At the time, in the late 19th Century, coca leaf extract mixed with wine was a common tonic, and Pemberton’s sweet brew was a way to get around local laws prohibiting the sale of alcohol. But the other half of the name represents another ingredient, less infamous, perhaps, but also strangely potent: the kola nut.

The pod of the kola nut, if you’ve never had the pleasure of seeing one yourself, is about two inches long, and green. Inside the shell are knobs of fleshy meat like you might find inside a chestnut, but reddish or white in colour. In West Africa, the kola nut’s native habitat, people have long chewed them as stimulants. That’s because the nuts contain caffeine and theobromine, substances that also occur naturally tea, coffee, and chocolate. They also have sugar and kolanin, said to be a heart stimulant.

There’s plenty of pick-me-up in them, and their cultivation in West Africa is hundreds and hundreds of years old. Historian Paul Lovejoy relates that for many years the leafy, spreading trees were planted on graves and as part of puberty rituals. Even though the nuts, which need to stay moist, can be somewhat delicate to transport, traders carried them hundreds of miles throughout the forests and savannas. Their value can be understood by the company they kept: In 1581, the ruler of the Songhai Empire in the western Sahel sent to Timbuktu on the occasion of a mosque’s construction a sumptuous gift of gold, cowrie shells – and kola nuts.

Europeans did not know of them until the 1500s, when Portuguese ships arrived on the coast of what is now Sierra Leone, Lovejoy relates. And while the Portuguese took part in the trade, ferrying nuts down the coast along with other goods, by 1620, when English explorer Richard Jobson made his way up the Gambia, the nuts were still peculiar to his eyes.

(Credit: iStock)

“When we were at the highest part of the river, people brought them abundantly unto us, and did wonder much, we made no more esteeme or care to buy them,” he wrote. But: “Ten is a present for a king.” Given six of the nuts himself, Robson hoped to bring them back to England, but they withered or were eaten by worms before he made it home.

Of course, this ignorance did not last. By the late 19th Century, kola nuts were being shipped by the tonne to Europe and the United States. Many made their way into tonic medicines like Burroughs Wellcome and Co’s “Forced March” tablets, intended as a kind of energy boost. “Containing the combined active principles of Kola Nut and Coca Leaves,” their label trumpeted. “Allays hunger and prolongs the power of endurance.” Users were to take one an hour “when undergoing continued mental strain or physical exertion.”

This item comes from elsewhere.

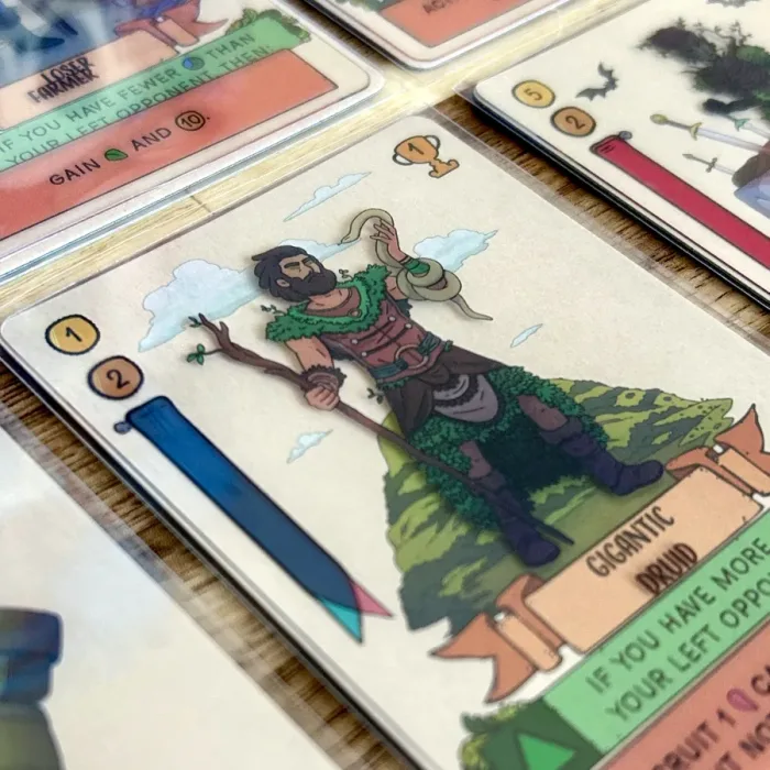 During play, each character card gives a player special actions, such as earning money, drawing more cards, and (most importantly) gaining influence in the mountain, forest, sea, and city regions of the kingdom. When a player has collected 6 influence, they may claim a region of the corresponding type, which scores them points. The player who best uses their characters in combination and gains the most points wins!

One extremely popular medicinal drink was Vin Mariani, a French product consisting of coca extract mixed with red wine. It was created by a French chemist, Angelo Mariani, in 1863, and Pope Leo XIII was a devotee, appearing on Vin Mariani posters; Queen Victoria, Thomas Edison, and Arthur Conan Doyle were also said to be fans. But this was just one stimulating tonic among many, in an era when such nerve potions claimed positively glorious effects.

So when Pemberton, the American chemist, created his concoction, it was the latest incarnation in an ongoing trend. And while cocaine eventually fell from grace as a beverage ingredient, kola-extract sodas – also known as “colas” – proliferated, of course.

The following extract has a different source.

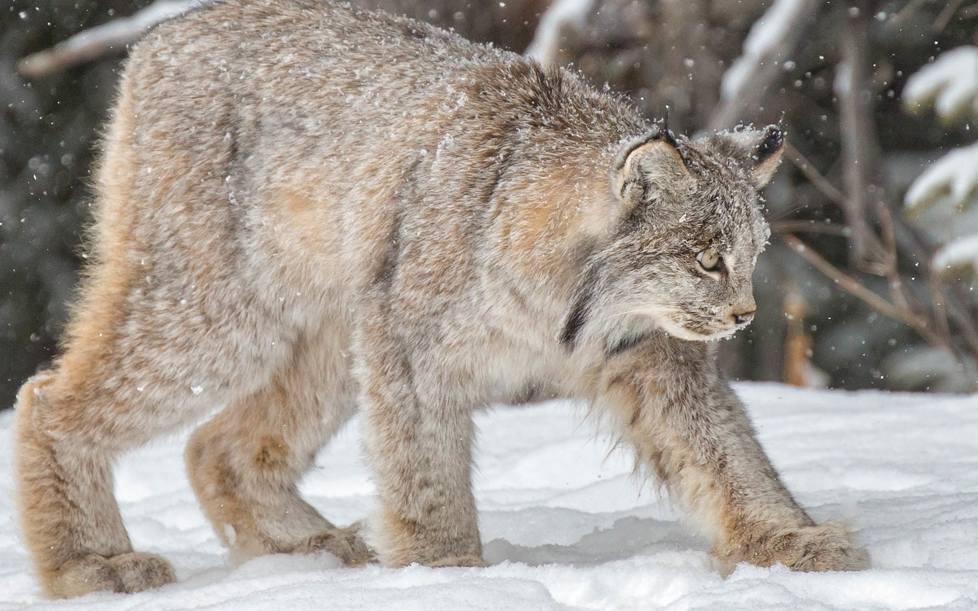 Description: A lynx walking through the snow in a wooded area with trees in the background and snow falling on the ground.

The first year it was available, Coca-Cola averaged about nine servings a day across all the Atlanta soda fountains where it was sold,according to the company. As it grew more popular, the company sold rights to bottle the soda, so it could travel easily. Today something like 1.9 billion Cokes are purchased daily.

It’s become so iconic that attempts to change its taste in 1985 – sweetening it in a move projected to boost sales –  proved disastrous, with widespread backlash and anger from consumers. “Coca-Cola Classic” returned to store shelves just three months after the “New Coke” was released.

These days, the Coca-Cola recipe is a closely guarded secret. But it’s said to no longer contain kola nut extract, relying instead on artificial imitations to achieve the flavour. Recipes for making kola soda abound, however, and if you want to taste what a real cola might have been like, you can take a crack at it.

Mixed with oil of neroli, orange essence, caramel, and vanilla, among other tinctures, the striking bite of the kola nut – in Jobson’s words, “the taste of him, when he is bitten, is extreme bitter” – may be masked. But its caffeine kick will certainly be present, and you may get a sense of what has attracted people in West Africa, in Atlanta, all over the world, to this distinctive nut.

The Death of the Telephone Call 1876–2007. By Timothy Noah

When Slate was founded in 1996, people all over the world spent much of their day speaking into telephones. In 2016, as Slate celebrates its 20thbirthday, the phone call is a thing of the past.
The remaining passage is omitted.